Filesystem Size Used Avail Use% Mounted on
/dev/mapper/sys-overlayfs 223G 1.7G 221G 1% /var/lib/containerd
/var/lib/containerd $ crictl imagefsinfo
{
"status": {
"timestamp": "1622594437236082468",
"fsId": {
"mountpoint": "/var/lib/containerd/io.containerd.snapshotter.v1.overlayfs"
},
"usedBytes": {
"value": "1738137600"
},
"inodesUsed": {
"value": "24849"
}
}
}
$ sudo curl -s --cacert /etc/pki/tls/certs/ca.pem --cert /etc/pki/tls/certs/kube-admin.pem --key /etc/pki/tls/private/kube-admin-key.pem https://kubenode20:10250/stats/summary/ |grep '"fs":' -A 20
"fs": {
"time": "2021-06-02T00:38:17Z",
"availableBytes": 228123242496,
"capacityBytes": 249462521856,
"usedBytes": 21339279360,
"inodesFree": 121704781,
"inodes": 121833472,
"inodesUsed": 128691
},
"runtime": {
"imageFs": {
"time": "2021-06-02T00:38:17Z",
"availableBytes": 236875235328,
"capacityBytes": 238660943872,
"usedBytes": 1738137600,
"inodesFree": 116565592,
"inodes": 116590592,
"inodesUsed": 24849
}
},
"rlimit": {
with cri+devicemapper, there is no separate mount point like above as the block device is used for image storage.
We added DEBUG statement, to find how it is working in the dockerd+devicemapper env, it turns out that the cadvisor is labelling the image fs with docker-images
I0208 22:25:24.245691 6403 cadvisor_stats_provider.go:230] [DEBUG] inside ImageFsStats for cadvisor
I0208 22:25:24.245694 6403 cadvisor_linux.go:161] [DEBUG] label from ImageFsInfo "docker-images"
I0208 22:25:24.245696 6403 manager.go:732] [DEBUG] LABEL from GetFsInfo docker-images
I0208 22:25:24.245698 6403 manager.go:733] [DEBUG] LABEL LENGTH from GetFsInfo %!s(int=13)
I0208 22:25:24.245702 6403 manager.go:737] [DEBUG] DEV for LABEL from GetFsInfo "sys-docker--pool"
I0208 22:25:24.245707 6403 manager.go:749] [DEBUG] mountpoint for fs.Device is ""

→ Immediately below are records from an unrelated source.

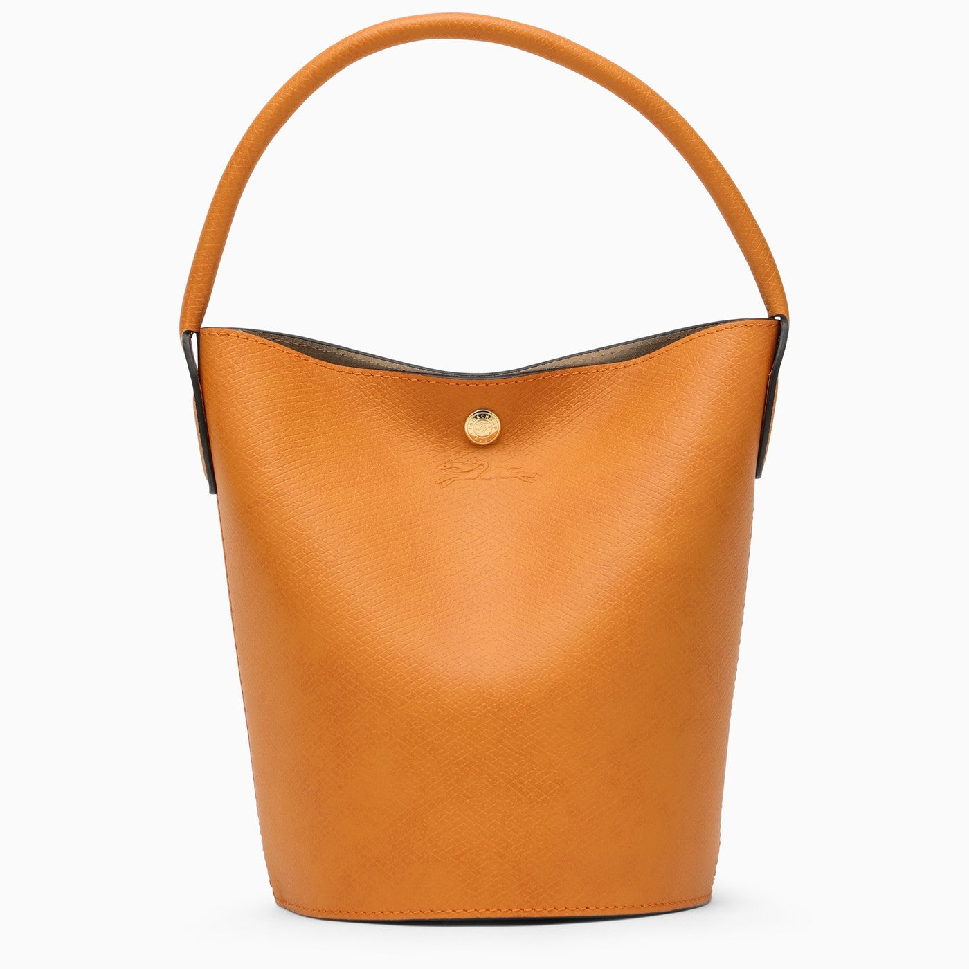 Borsa per secchio in pelle color albicocche di Longchamp con chiusura a stallone, inserti dorati e tasca piatta interna.
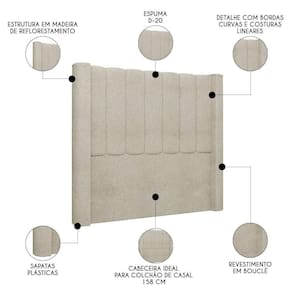 Elemento fundamental para compor a decoração do quarto de casal e, ainda, desempenhar funcionalidade que vai além do estético, a Cabeceira Casal Queen Cama Box 160cm Claire Z04 Boucle Bege, da Mpozenato, vai te surpreender do começo ao fim.
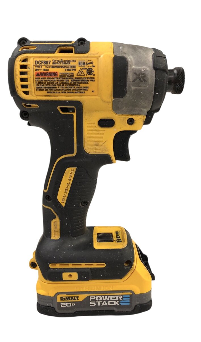 Category: Cordless hand toolsType: Impact DriverBrand: DewaltModel number: DCF887Size: 1/4"Color: YellowPower source: BatteryBattery Included: yesCase included: noCharger Included: yesVoltage: 20VCondition:UsedNotes:Tool, battery, charger.
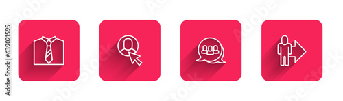Set line Tie, Worker, Project team base and Leader of of executives with long shadow. Red square button. Vector
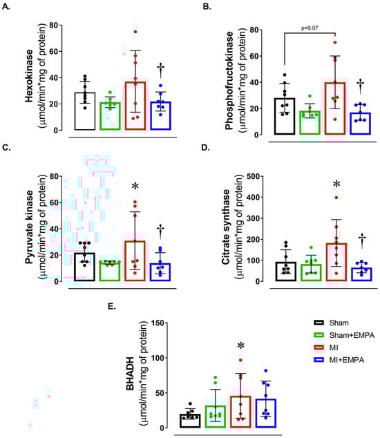 Muscle energy metabolism. (A–C) Maximum activity of glycolysis pathway enzymes; (D) maximum activity of the citric acid cycle enzyme, citrate synthase; (E) maximum activity of beta-oxidation pathway enzyme, beta-hydroxyacyl dehydrogenase (BHADH). Sham: control group (n = 5); Sham + EMPA: Sham treated with empagliflozin (EMPA; n = 6); MI: myocardial infarction (n = 7); MI + EMPA: MI treated with EMPA (n = 7). Data are the means ± SD and individual values; ANOVA for a 2 × 2 factorial design and Tukey; p < 0.05: * vs. Sham; † vs. MI.
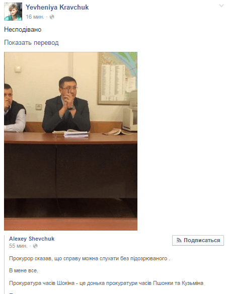 Об этом в Facebook сообщили адвокаты Оксана Томчук, Алексей Шевчук, пресс-секретарь партии Евгения Кравчук и народный депутат Андрей Денисенко.
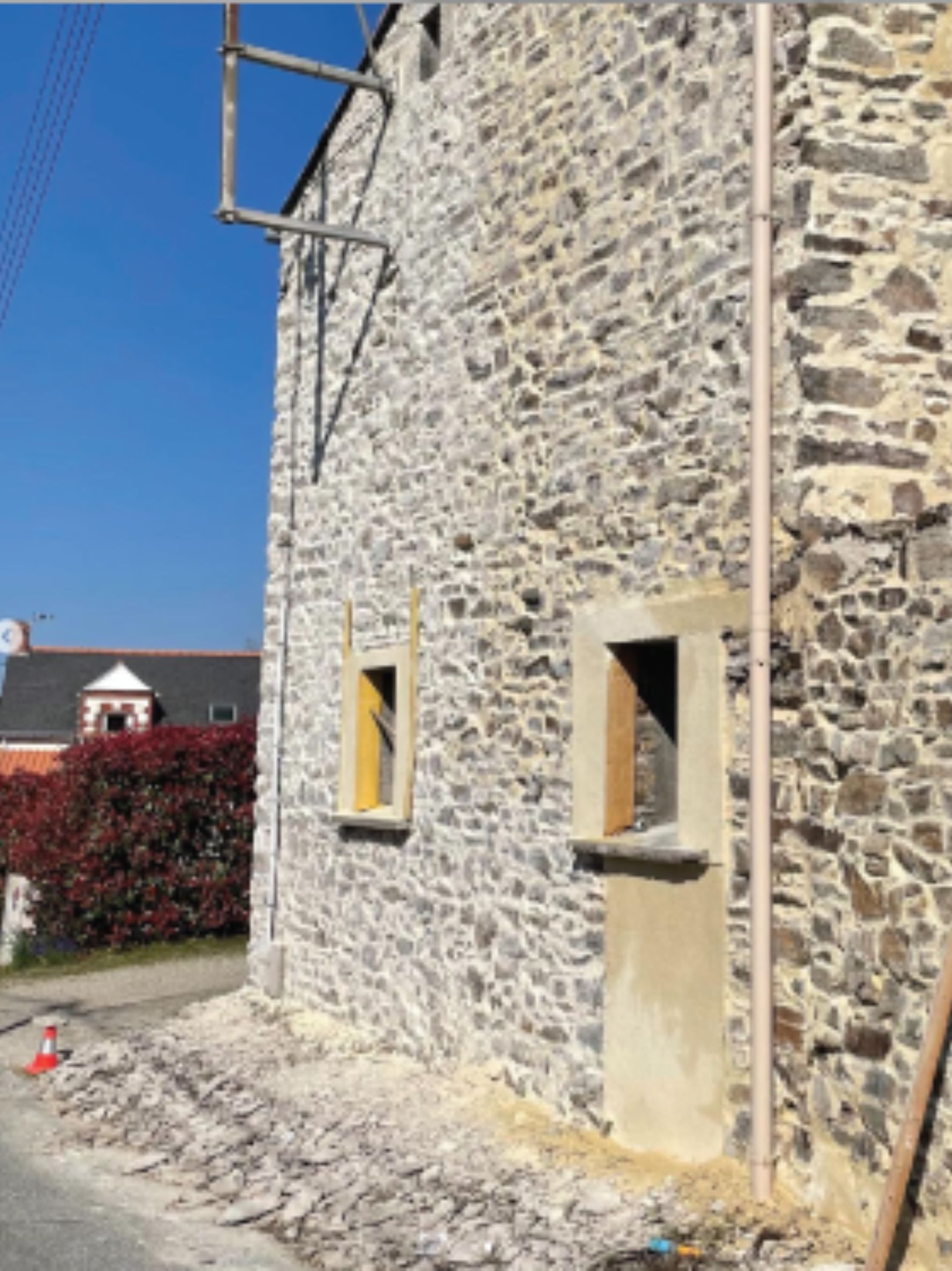Nous avons récemment effectué le ravalement d’une façade en pierre apparente à La Montagne (44). Ce projet visait à redonner une nouvelle vie à une façade historique. Tout d’abord, nous avons réalisé un nettoyage approfondi des pierres. Nous avons éliminé les mousses et les salissures accumulées au fil du temps. Ensuite, un traitement spécifique a été appliqué pour protéger la façade de l’humidité.

I0208 22:25:24.245709 6403 manager.go:754] [DEBUG] labels for fs.Device is []string{"docker-images"}
I0208 22:25:24.245718 6403 manager.go:774] [DEBUG] fsInfo is []v2.FsInfo{v2.FsInfo{Timestamp:time.Time{wall:0xc0008c750c778087, ext:185285290911, loc:(*time.Location)(0x7082040)}, Device:"sys-docker--pool", Mountpoint:"", Capacity:0xc68e000000, Available:0xba1f200000, Usage:0xc6ee00000, Labels:[]string{"docker-images"}, Inodes:(*uint64)(nil), InodesFree:(*uint64)(nil)}}
I0208 22:25:24.245724 6403 cadvisor_linux.go:174] [DEBUG] res from GetFsInfo is []v2.FsInfo{v2.FsInfo{Timestamp:time.Time{wall:0xc0008c750c778087, ext:185285290911, loc:(*time.Location)(0x7082040)}, Device:"sys-docker--pool", Mountpoint:"", Capacity:0xc68e000000, Available:0xba1f200000, Usage:0xc6ee00000, Labels:[]string{"docker-images"}, Inodes:(*uint64)(nil), InodesFree:(*uint64)(nil)}}
I0208 22:25:24.245729 6403 cadvisor_stats_provider.go:232] [DEBUG] imageFsInfo v2.FsInfo{Timestamp:time.Time{wall:0xc0008c750c778087, ext:185285290911, loc:(*time.Location)(0x7082040)}, Device:"sys-docker--pool", Mountpoint:"", Capacity:0xc68e000000, Available:0xba1f200000, Usage:0xc6ee00000, Labels:[]string{"docker-images"}, Inodes:(*uint64)(nil), InodesFree:(*uint64)(nil)}
This code path (look up based on label) is not used with cri+devicemapper
Environment details
Kubernetes 1.17.14 Containerd: 1.4.6 OS: RHEL7.9
Devicemapper is setup based on container-storage-setup as mentioned in https://github.com/containerd/containerd/blob/master/snapshots/devmapper/README.md
It appears to be the kubelet/ cadvisor is using
fsId
and trying to look up the mount point to find out the imageFS details. And eventually, end up being the same mount as the node fs.Issue
This causes the kubelet's eviction manager not working for imagefs, result in imagefs Full. We have to manually delete the unused images using
crictl rmi --prune
We have the same devicemapper with Dockerd as CRI and imageFS is being reported correctly with that. It seems there is a cadvisor code to detect devicemapper volume usage info with Dockerd. With CRI that code path is not used.
We tested this with CRI-O as well, same issue noted. The imagefsinfo is same as nodefs for cri-o and containerd runtimes.